_WORK REQUIRED:_ The job is to output each record exactly as it stands, pictures excluded.

━━━━

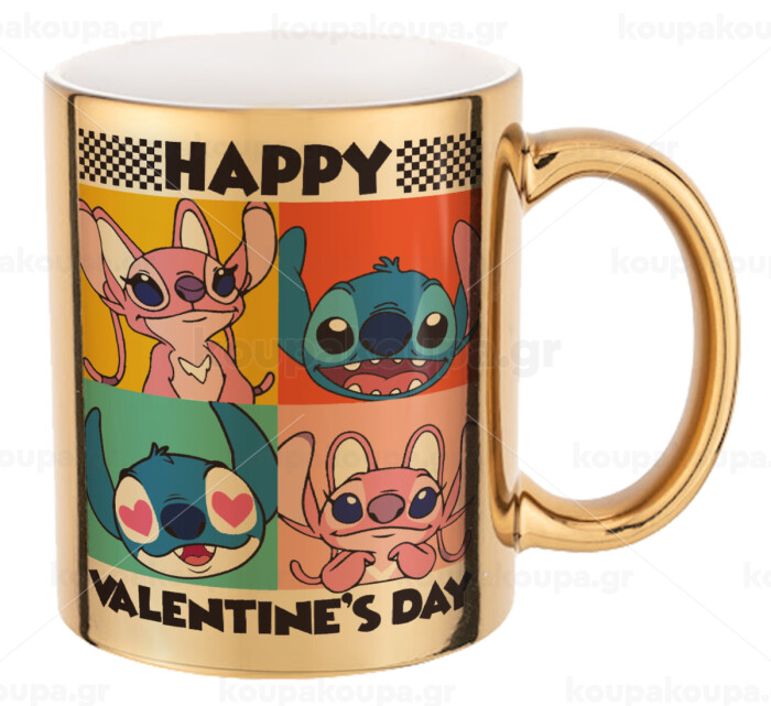 Lilo & Stitch Happy valentines day, Mug ceramic, gold mirror, 330ml
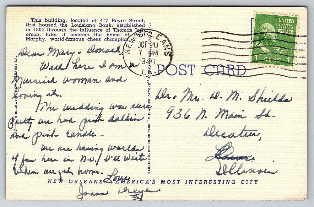 Signed: No Subject: Cities & Towns Time Period Manufactured: 1940-1949 Character: Postcard gtin13: DOES NOT APPLY Franchise: Postcard Seller Notes: “Good Vintage Condition. See Pictures And Description Closely For Details.” City: New Orleans Country: United States Region: Louisiana Country/Region of Manufacture: United States Artist: Postcard Occasion: Postcard Type: VINTAGE OLD ANTIQUE POSTCARD Featured Person: None Postage Condition: Posted Theme: Architecture, Cities & Towns, Community Life, Domestic & Family Life, Famous Places, Historical Figures, Seasons, Social History, Tourism, Postcard, Antique, Vintage, Ephemera, Collectible, Memorabilia, Old, Retro, History, Card, Mail, Paper Number of Items in Set: 1 Finish: Matte UPC: DOES NOT APPLY Stamp: Yes Unit of Sale: Single Unit Features: Divided Back, Stamp, Stamped, Original Genuine Antique Vintage Postcard Location: New Orleans, Louisiana USA Orientation: Horizontal Antique: Yes Year Manufactured: 1946 Era: Divided Back (1907-1915) Color: Multicolor Vintage: Yes Continent: North America Brand/Publisher: Curt Teich Material: Paper Posted: Yes Original/Licensed Reprint: Original Size: Standard (5.5 x 3.5 in) Signed By: None
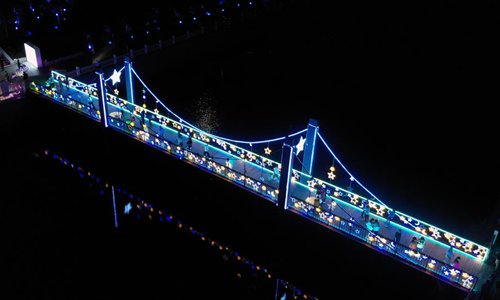 Aerial photo taken on Aug. 21, 2019 shows the illuminated Yongding Bridge over the Yitong River in Changchun City, northeast China's Jilin Province. (Xinhua/Lin Hong)
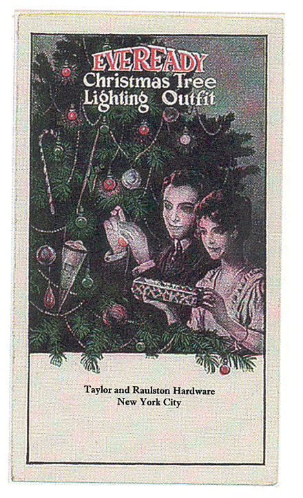 decorating their Christmas tree with Eveready brand lights. Notice that
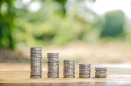 Coins money stack in finance treasury deposit bank account saving, corporate business economy and financial growth by investment in valuable asset to gain cash revenue. Forex trading economy.

━━━━

_REPLY TO THE EXERCISE:_
 Lilo & Stitch Happy valentines day, Mug ceramic, gold mirror, 330ml
 Signed: No Subject: Cities & Towns Time Period Manufactured: 1940-1949 Character: Postcard gtin13: DOES NOT APPLY Franchise: Postcard Seller Notes: “Good Vintage Condition. See Pictures And Description Closely For Details.” City: New Orleans Country: United States Region: Louisiana Country/Region of Manufacture: United States Artist: Postcard Occasion: Postcard Type: VINTAGE OLD ANTIQUE POSTCARD Featured Person: None Postage Condition: Posted Theme: Architecture, Cities & Towns, Community Life, Domestic & Family Life, Famous Places, Historical Figures, Seasons, Social History, Tourism, Postcard, Antique, Vintage, Ephemera, Collectible, Memorabilia, Old, Retro, History, Card, Mail, Paper Number of Items in Set: 1 Finish: Matte UPC: DOES NOT APPLY Stamp: Yes Unit of Sale: Single Unit Features: Divided Back, Stamp, Stamped, Original Genuine Antique Vintage Postcard Location: New Orleans, Louisiana USA Orientation: Horizontal Antique: Yes Year Manufactured: 1946 Era: Divided Back (1907-1915) Color: Multicolor Vintage: Yes Continent: North America Brand/Publisher: Curt Teich Material: Paper Posted: Yes Original/Licensed Reprint: Original Size: Standard (5.5 x 3.5 in) Signed By: None
 Aerial photo taken on Aug. 21, 2019 shows the illuminated Yongding Bridge over the Yitong River in Changchun City, northeast China's Jilin Province. (Xinhua/Lin Hong)
 decorating their Christmas tree with Eveready brand lights. Notice that
 Coins money stack in finance treasury deposit bank account saving, corporate business economy and financial growth by investment in valuable asset to gain cash revenue. Forex trading economy.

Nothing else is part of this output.